The bulk of the proposed ballot measure outlined limited benefits for rideshare drivers. However, the offending provision would have said that drivers couldn’t be treated as an “employee or agent” of gig-based companies. If voted into law, this might have shielded outfits like Uber or Lyft from liability in the event of a crash or crime — not to mention kneecapping any attempts to reclassify drivers as employees in the state. The unrelated provisions raised concerns that voters might be “confused, misled and deprived” of a real choice, the court wrote in its decision.

Uber, Lyft and their supporters contended that formalizing the gig worker model would have protected flexibility for drivers seeking their own hours. Groups supporting the companies, such as Chamber of Progress, have claimed employee status could cost jobs and income. Critics like AFL-CIO union federation, however, have argued that measures like this create a false dichotomy between flexibility and benefits — they see ballot options like this as attempts to cut employment costs at the expense of laborers.

Uber and Lyft declined to comment. The two spent a total of $17.8 million endorsing the ballot measure, and have had mixed success promoting similar efforts in other states. They got Californians to vote for Proposition 22, a bid to reverse a state law protecting drivers as employees, only to watch as a judge ruled the measure unconstitutional. The companies struck an agreement with Washington State legislators in early 2022, but failed to get much traction in New York State.

Automakers want Congress to drop the EV tax credit cap

The $7,500 federal EV tax credit has been used for several years to entice consumers to make greener car purchasing decisions, but it has expired for some automakers — and they feel the government needs to remove limits on that incentive. Reuters has learned the CEOs of Ford, GM, Stellantis and Toyota sent a letter to congressional leadership asking them to eliminate the sales-based tax credit cap. The move would help counter economic factors and supply shortages that have raised the costs of producing EVs, according to the companies.

The credit currently applies to the first 200,000 cars sold by any given brand.
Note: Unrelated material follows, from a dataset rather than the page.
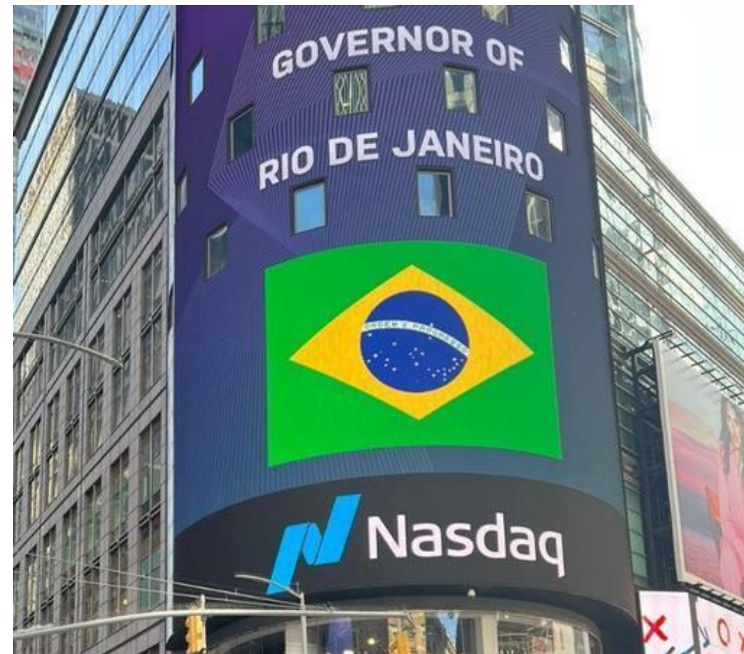
Painel da Nasdaq, na Times Square, durante assinatura do protocolo.

GM and Tesla have already reached the 200,000-unit mark, while both Ford and Toyota could hit the cap this year. This doesn’t affect state-level discounts. The companies hope Congress will replace the unit-based cap with a sunset date that would end the credit once the EV marketplace is “more mature.”

It’s not certain that enough politicians will warm up to the idea. Senator Joe Manchin, for instance, recently questioned the need for extended credits when EV demand regularly outstrips supply. And when the current Senate frequently shoots down bills without clear bipartisan support, any attempt to legislate the credit could fall apart.

The companies have strong motivations to act now, though. Republicans may regain control of one or both sides of Congress during this fall’s midterm elections, and car industry execs are concerned the shift in power could kill chances of extending tax credits. Former President Trump tried to axe the credit in his proposed 2020 budget, and had the support of Republicans — the chances aren’t high that the GOP will back an extension.

The customer tax breaks might not be as necessary as they once were, mind you. GM plans to sell a Chevy Equinox EV around $30,000, while Tesla has long-term plans for a $25,000 car. Although these models are years away and won’t compete with the lowest-priced conventional cars, they hint at a future where EVs are genuinely affordable without government subsidies.